• **Given material**:
━━━━━━━━━━

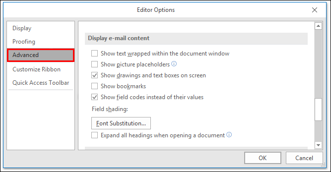 - In the “Display e-mail content,” untick the “Show Picture Placeholder” box.
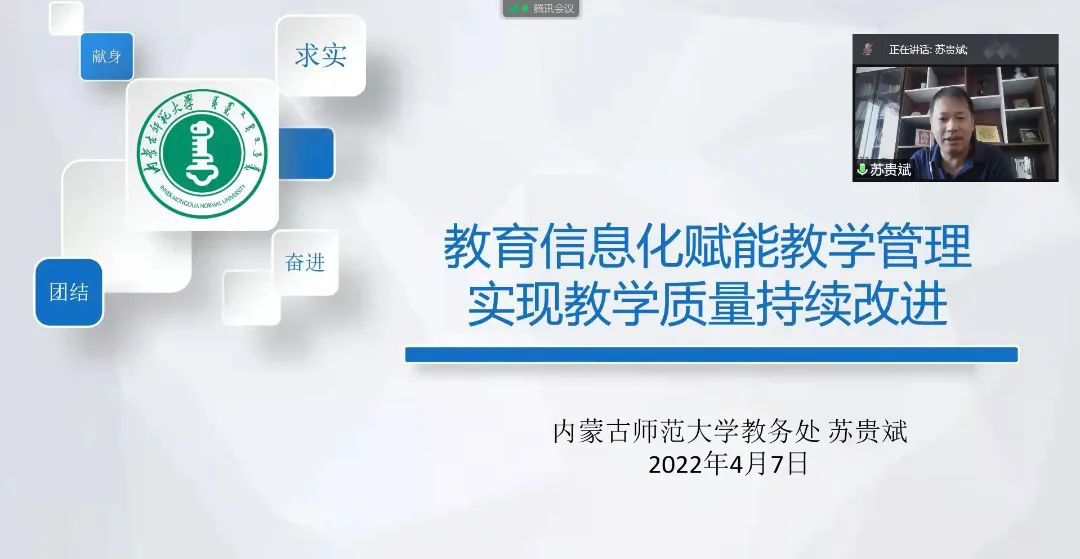 4月7日,我院邀请了教务处副处长苏贵斌副教授为全院教师进行了题为“教育信息化赋能教学管理,实现教学质量持续改进”的专题讲座。讲座采用线上线下相结合的方式展开,由院长林民教授主持。
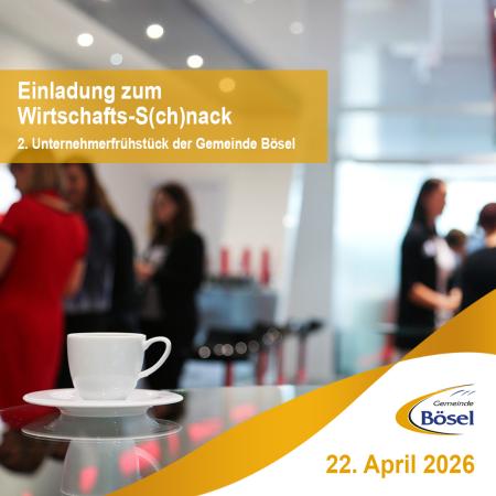 Die Gemeinde Bösel lädt Unternehmerinnen und Unternehmer aus dem Gemeindegebiet zum 2. Böseler Unternehmerfrühstück ein. Der Wirtschafts-S(ch)nack ist eine jährliche Veranstaltung, um den Austausch und die Zusammenarbeit in der lokalen Wirtschaft weiter zu stärken.

━━━━━━━━━━

• **Problem requirements**:
Print the listing again exactly, please. Keep the pictures out of it.

• **Exercise result**:
 - In the “Display e-mail content,” untick the “Show Picture Placeholder” box.
 4月7日,我院邀请了教务处副处长苏贵斌副教授为全院教师进行了题为“教育信息化赋能教学管理,实现教学质量持续改进”的专题讲座。讲座采用线上线下相结合的方式展开,由院长林民教授主持。
 Die Gemeinde Bösel lädt Unternehmerinnen und Unternehmer aus dem Gemeindegebiet zum 2. Böseler Unternehmerfrühstück ein. Der Wirtschafts-S(ch)nack ist eine jährliche Veranstaltung, um den Austausch und die Zusammenarbeit in der lokalen Wirtschaft weiter zu stärken.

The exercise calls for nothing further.